The first known vocabulary taken down of an Ishakkoyan language was by the French sea captain John Bérenger in the eighteenth century while venturing through Galveston Bay near modern Houston. Kimball incorporated Béranger’s short vocabulary of Orkokisak, a people who lived on Galveston Bay, into his grammar. Swanton believed that the Han, first noted by Cabeza de Vaca as living at the eastern end of Galveston Island in 1528, were probably Ishakkoyan (the term Han possibly being from the Ishākkoy word ‘house’) (Swanton 1940, 136).

Ishākkoy, like many other North American Indigenous languages, is structurally agglutinative and moderately polysynthetic. This means that many grammatical elements are affixed, or attached, to a head word, usually a verb. Thus, an entire sentence in English may be conveyed by a single word in Ishākkoy. For example, nhúo ‘I see you,’ contains n-, the second-person singular object prefix (you), hu the verb ‘see,’ and -o the first-person singular subject suffix pronoun (I), thus three words in English form a single word in Ishākkoy. In extreme cases a single Ishākkoy word can become quite long as it encapsulates an entire English sentence, such as shakináwshkohháhulat ‘they didn’t want to let them in’ and nshokyáhkohshhásh ‘you don’t want to eat.’

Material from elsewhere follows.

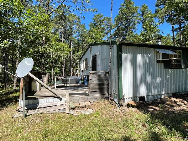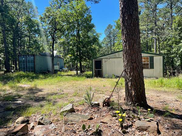Come escape to the woods where you will find a cabin on 5 acres tucked away, up on Horsehead mountain. The cabin has a solar system in place for power, a septic and a rain catchment for water. A tankless hot water heater provides a warm shower. The 250 gallon propane tank runs the refrigerator, cookstove and a wall furnace. There is also a woodstove for those chilly wintery nights. A deck comes off the back of the cabin with a covered picnic area that provides a place to entertain or relax outside. There is a steel container for storage of all the atvs and toys. This is the perfect place to use as a vacation getaway. The forest is open and easy to walk with a wet weather creek running through. The area is quiet and peaceful with tall mature oaks, pines, cedar and hickory. Come live off grid and enjoy the tranquility of these beautiful mountains. GPS 34.44177, -95.67019

The usual sentence structure is subject-object-verb (SOV), that is, the verb is normally phrase-final, although the data show many exceptions to this, with sentences often appearing in subject-verb-object (SVO) order (whether this was an accepted Ishākkoy variant word order or arose through contact with Indo-European [French, Spanish, and/or English] influence is unknown at this point). Ishākkoy makes no clear distinction between stems that we call in English nouns, verbs, adjectives, and adverbs. (Adjectives are actually stative verbs in Ishākkoy.) Grammatical categories are generally defined by their morphosyntactic form, but, unlike in English and other Indo-European (e.g., French and Spanish) languages, stems often move fluidly between syntactic categories. For example, the Ishākkoy stem koy can be translated by the verbs ‘speak’ and ‘talk’ as well as by the nouns ‘speech,’ ‘throat,’ ‘tongue,’ and ‘language.’ Other lexical elements in Ishākkoy include adverbs, pronouns, and postpositions (rather than prepositions). 

Both verbs and nouns can be marked for plural, although plural marking on nouns is not obligatory. Some verbs and nouns have special plural forms, and these are marked in an entry where appropriate.